Books aren't important to her. My dad has books and loves to read, but I didn't grow up with him. I remember reading one or two of Ben Bova's Mars books when I was with him one summer, and he bought me the entire Belgariad (all 10 volumes) in middle school. But other than that? Bad romance novels (that weren't mine), school assignments, random things from my grandma, and dictionaries. Most of the books I own were bought in college or later.
I think what I'm getting at is that not all people on the poor spectrum were lucky enough to have books or access to them, whether because of circumstances like no access to the library or because their parents didn't gaf about books. I wish mine had.
But I don't know how to get used books to kids who need them, so I figure there are two things I can easily do to make books more accessible: donate to the library and buy my own books new so that the authors I love have a better chance at surviving as authors. (I'm not saying everyone should do these things, I'm saying they fit the resources I have available at this moment.)
Also, we have a house in a tiny town back in the US; someday when we get to live there I hope to volunteer at the small local library, which could expand the hours it's open.
In general, I think everyone would be better served if we had real, useful public transportation in the US. That way, libraries would be reachable by people who don't have cars and/or live outside of walking distance. It was a little over a mile from the house we lived in from 5th-10th grades, which would have been doable when I was in early high school, but my mom didn't like us walking downtown after dark. The other house was about 3 miles away, because the more direct 2-mile route doesn't have sidewalks. Doable, if you can carry a stuffed backpack 45 minutes each way...and have an extra 90 minutes to spend on walking.
But then, American car culture is an entirely different rant. The anti-intellectualism rant is a bit more appropriate.
Supporting libraries (and authors) in whatever way(s) you can is always admirable!

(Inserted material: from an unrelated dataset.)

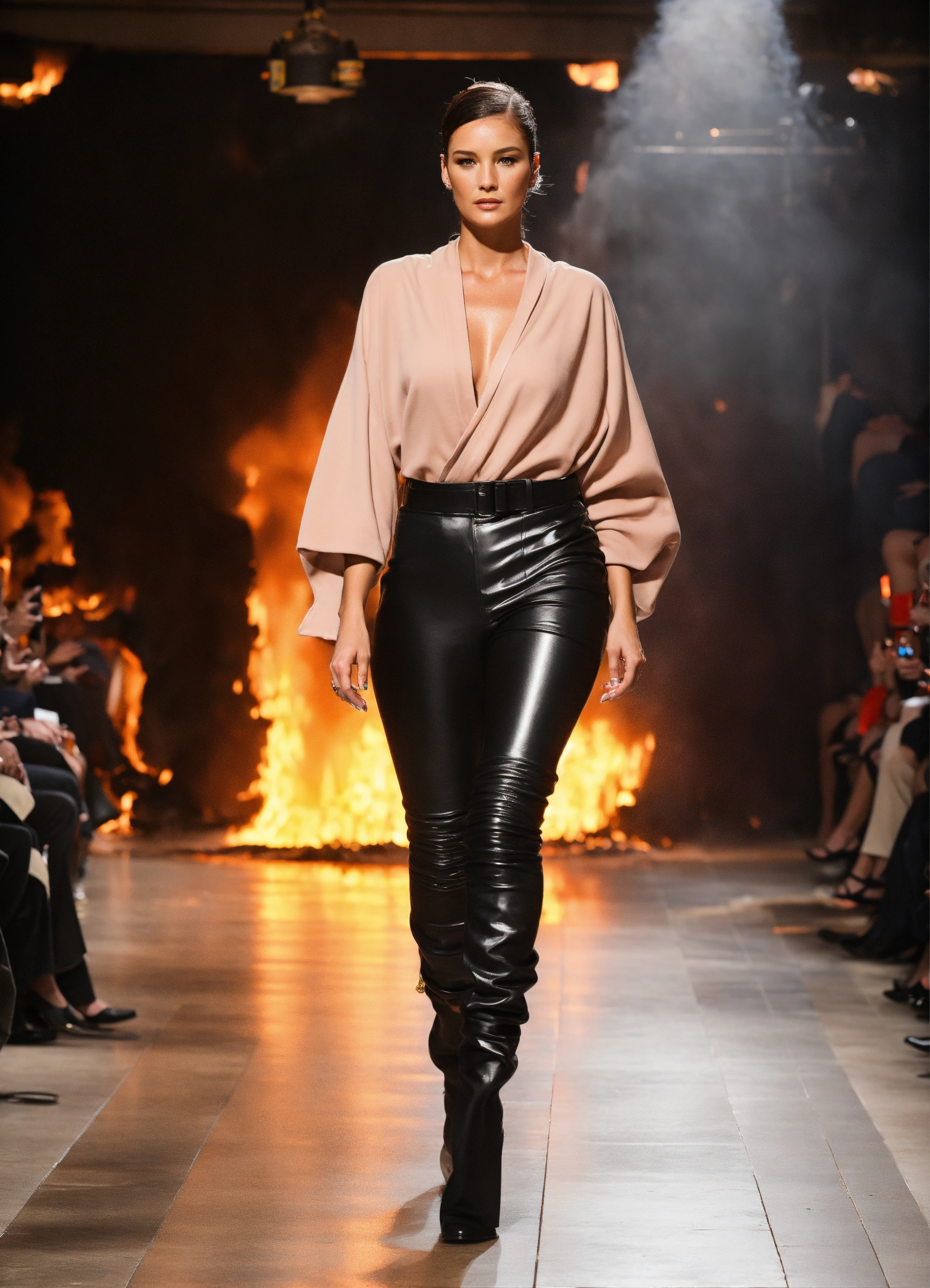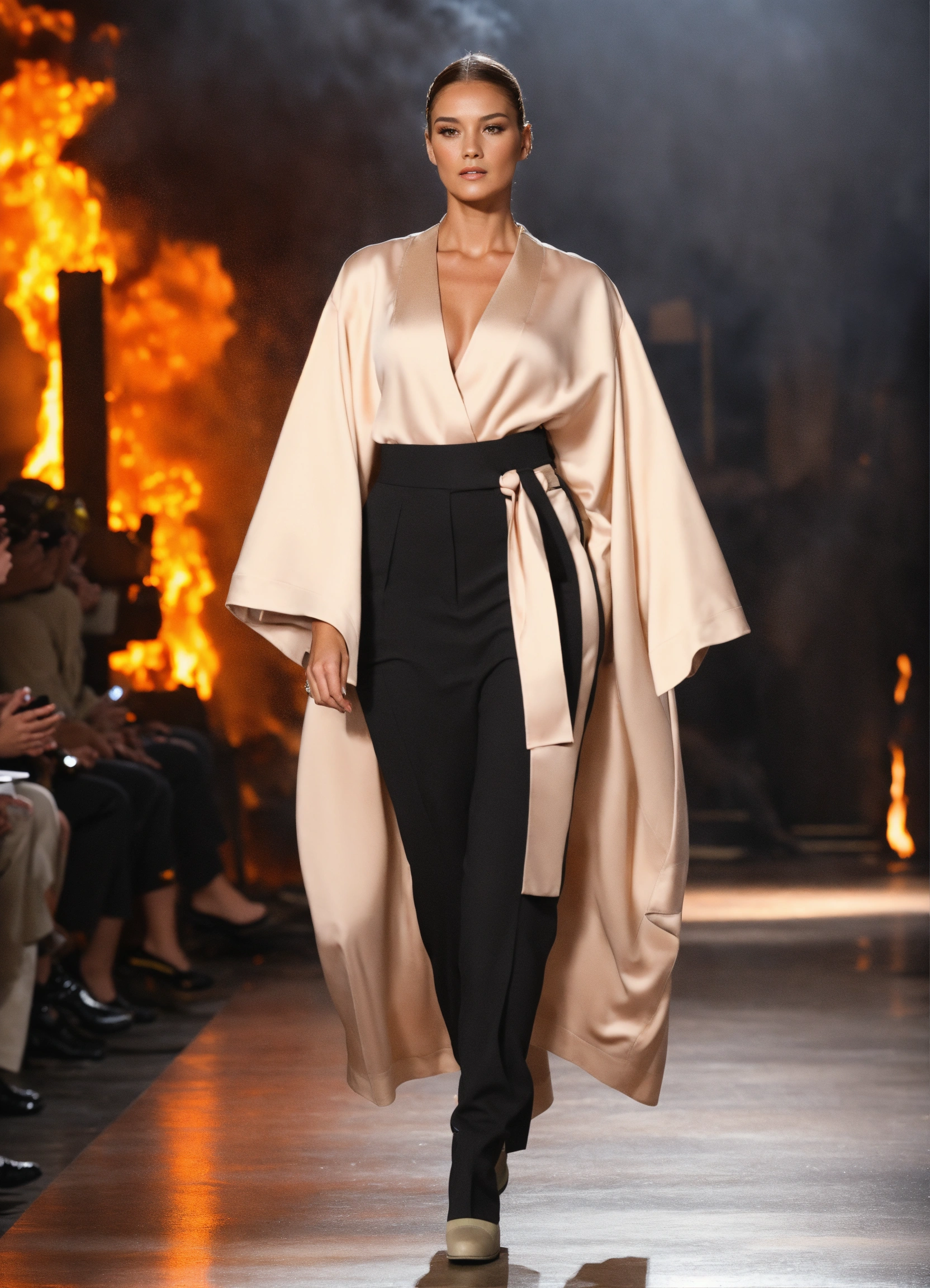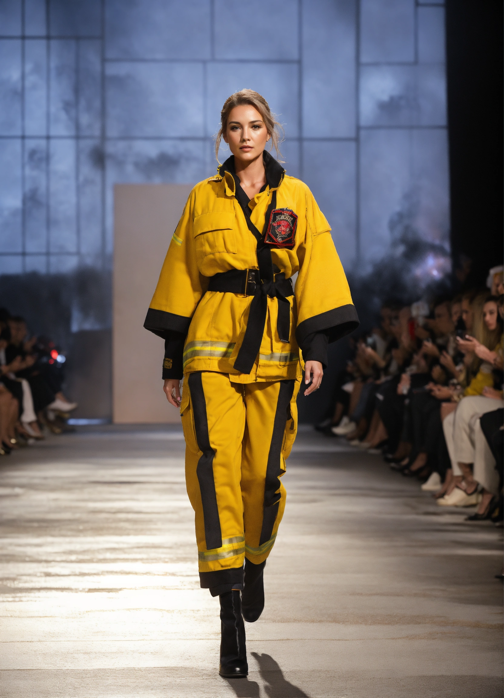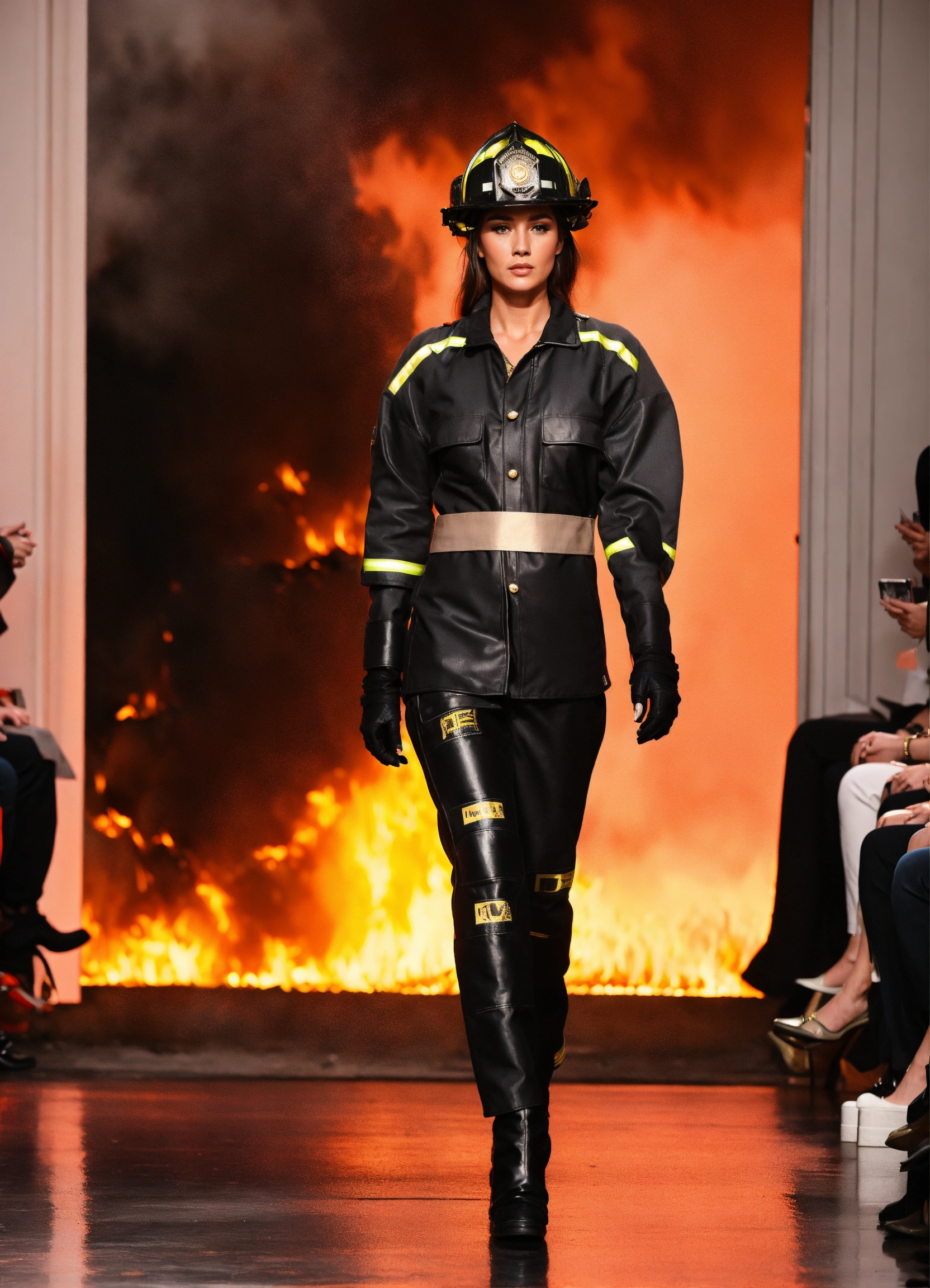 3d realistic photo of female firefighter walking runway during first responder fashion week wearing dolman sleeve donna karan firemen fashion in black, white, blush, grey, beige, stone, gold in a burning house

(The libraries at my elementary schools had lots of books, and I checked out all sorts of things, but my mom made me stop getting the Greek myth books I liked, because they were evil and anti-Christian. It may have been my middle school library where I got the Left Hand of Darkness, which went straight over my head. But LeGuin was right after L'Engle on the shelf, so...)
It was a bit of a shock when I moved to Houston after college.

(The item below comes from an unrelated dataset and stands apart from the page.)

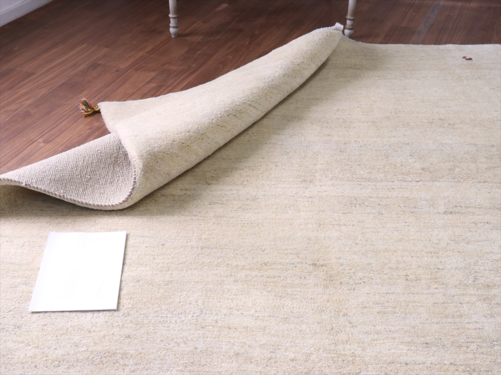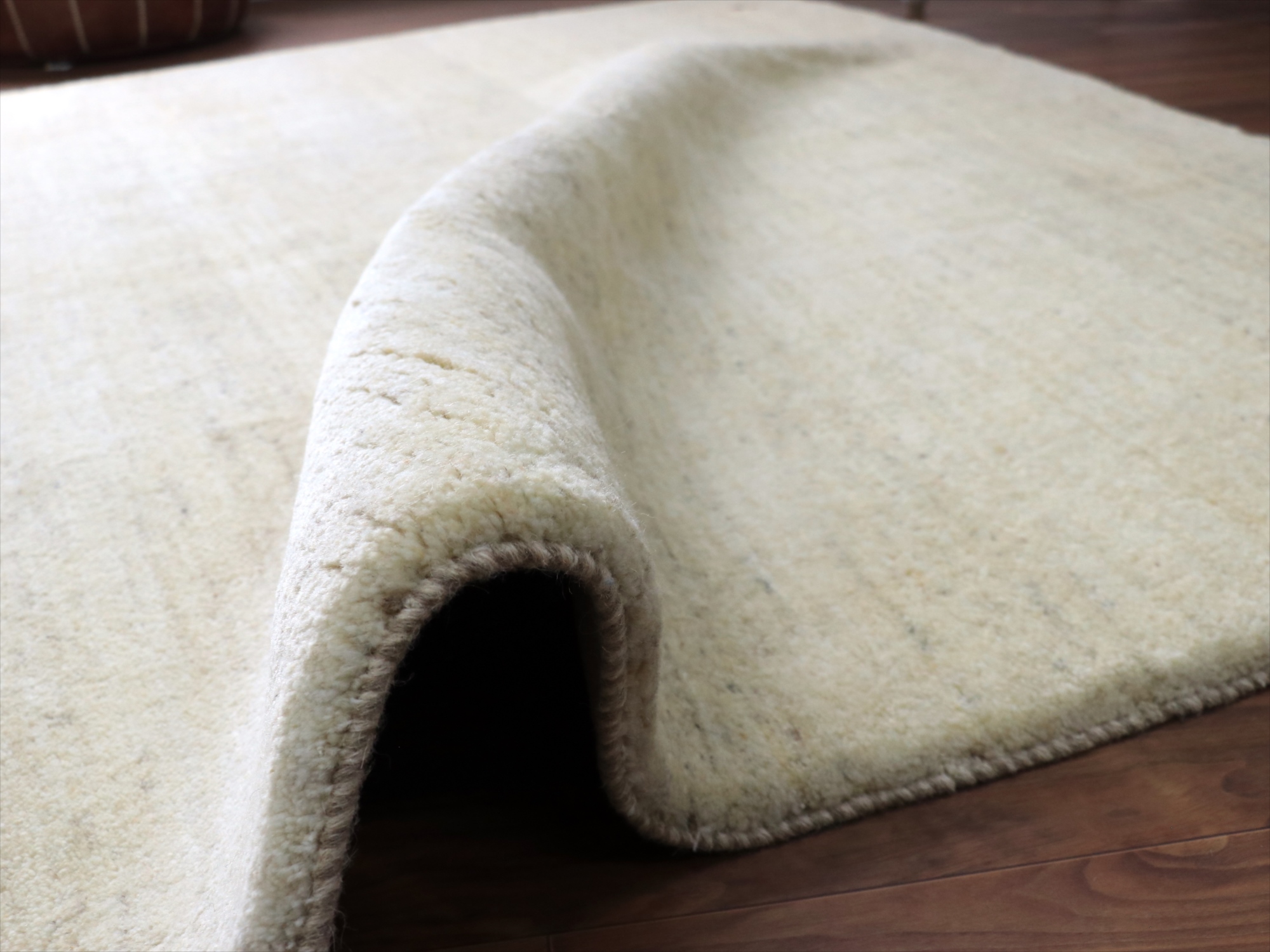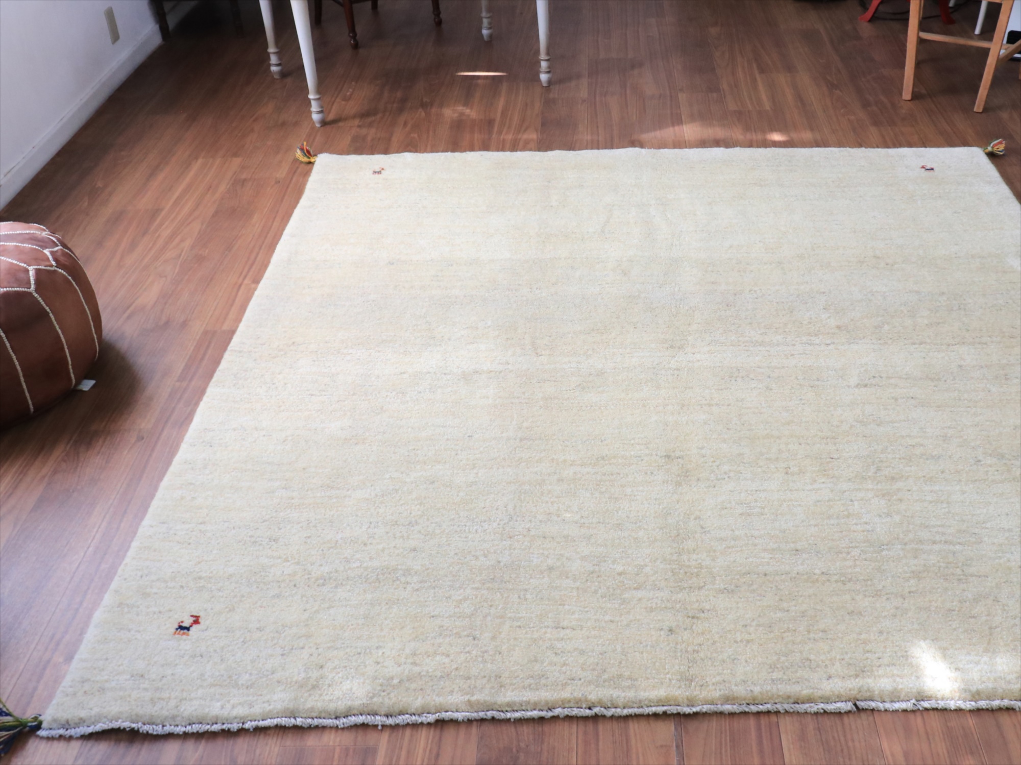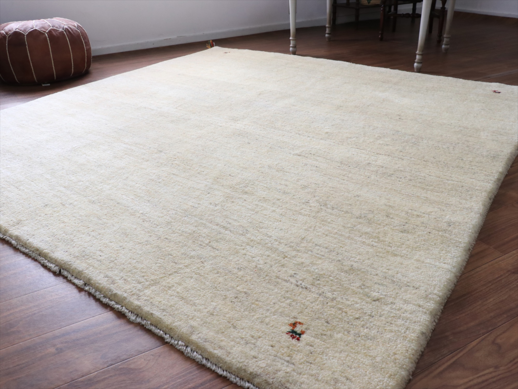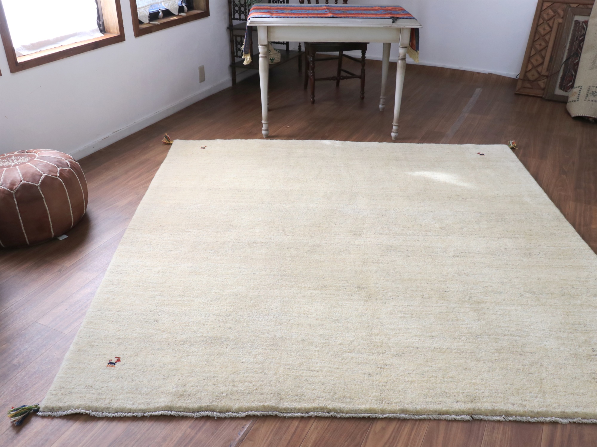 - ギャッベ 正方形 イラン産手織りラグ 215x206cm シンプル 無地 ナチュラルアイボリー ベージュ

However, I was going to the library and taking out 20 books at a time. There is no way I could have afforded that if I had had to buy them. Also, I was a pretty omnivorous and indiscriminate reader, and I stumbled across things in the library that I would never have kown existed otherwise. Buying a book is a commitment. Would I have taken the risk on some of those books if I had to pay for them all? I don't know.
Nobody in my family reads SFF, and my parents still sort of look askance at the whole genre. I discovered it for myself in 7th grade when a friend loaned me Dragonflight, leading me to the library to look for more books like that one. I wonder if that sequence of events could have happened in a world of e-readers.